Выбрать главу

— Нет. В четырехкратном. Двукратная оплата сверхурочных положена по закону, а скупой платит дважды. Свои обязанности буду выполнять добросовестно. Чужие — фтопку. Шантажа и хамства спускать не собираюсь.

— Но Михаил Александрович, вы же лучший реабилитолог в отделении! — Автократыч быстро соображает, что угрозы не сработали, и переходит к лести. — Может, возьмете все-таки еще полставки? Совершенно официально! Подумайте о пациентах, это ведь в их интересах!

— О пациентах как раз и думаю. Как настоящих, так и будущих. В их интересах, чтобы я мог работать и сегодня, и через год, и через десять лет. А не вогнал себя в гроб непосильной нагрузкой, как бы вам ни хотелось. Заботясь о себе, забочусь о них. У меня все. Жду сегодня в течение дня новый график дежурств, официальный и адекватный моей ставке. Собственно, вон тот подойдёт, — тычу пальцем.

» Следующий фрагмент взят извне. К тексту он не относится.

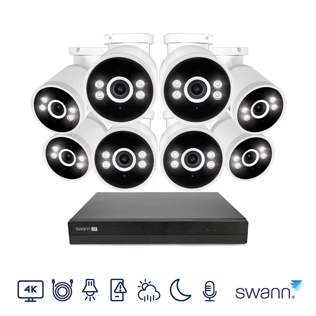 Enhance your business security with the Swann AdvancedX™ Wired 16 Channel NVR system and 8 Bullet Camera Kit, delivering unmatched 4K Ultra HD clarity for detailed surveillance. Experience superior color night vision with integrated spotlights for clear footage up to 50ft/15m in darkness.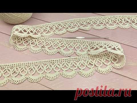 ЛЕНТОЧНОЕ КРУЖЕВО вязание КАЙМА крючком мастер-класс Crochet Tape Lace Tutorial

— Ну, вот и славно, что мы наконец договорились, — Автократыч пытается держать хорошую мину при плохой игре. — В другой раз, если что-то вас будет не устраивать, вы не тяните — сразу обращайтесь ко мне. Мой кабинет всегда открыт для сотрудников! Видите, как мы замечательно можем вместе решить все проблемы!

— Да, вот еще, — оборачиваюсь в дверях. — Об интересах пациентов… О ваших махинациях никуда сообщать не стану. Пока. Но новый вертикализатор отделению необходим. Делайте что хотите, но в течение двух недель он должен быть здесь.

Выхожу из начальственного кабинета с чувством некоего недоумения. А чего это Автократыч так быстро сдал назад? Понятно, что позиция у него слабая, но всё-таки более высокое положение даёт свои преимущества. И я кое-где прокололся, он мог на этом сыграть. Уже в ординаторской на диванчике соображаю. До полной увлечённости Тенью никогда не был особо уступчивым. Не зря же он меня постоянно премий лишал. По каждому поводу.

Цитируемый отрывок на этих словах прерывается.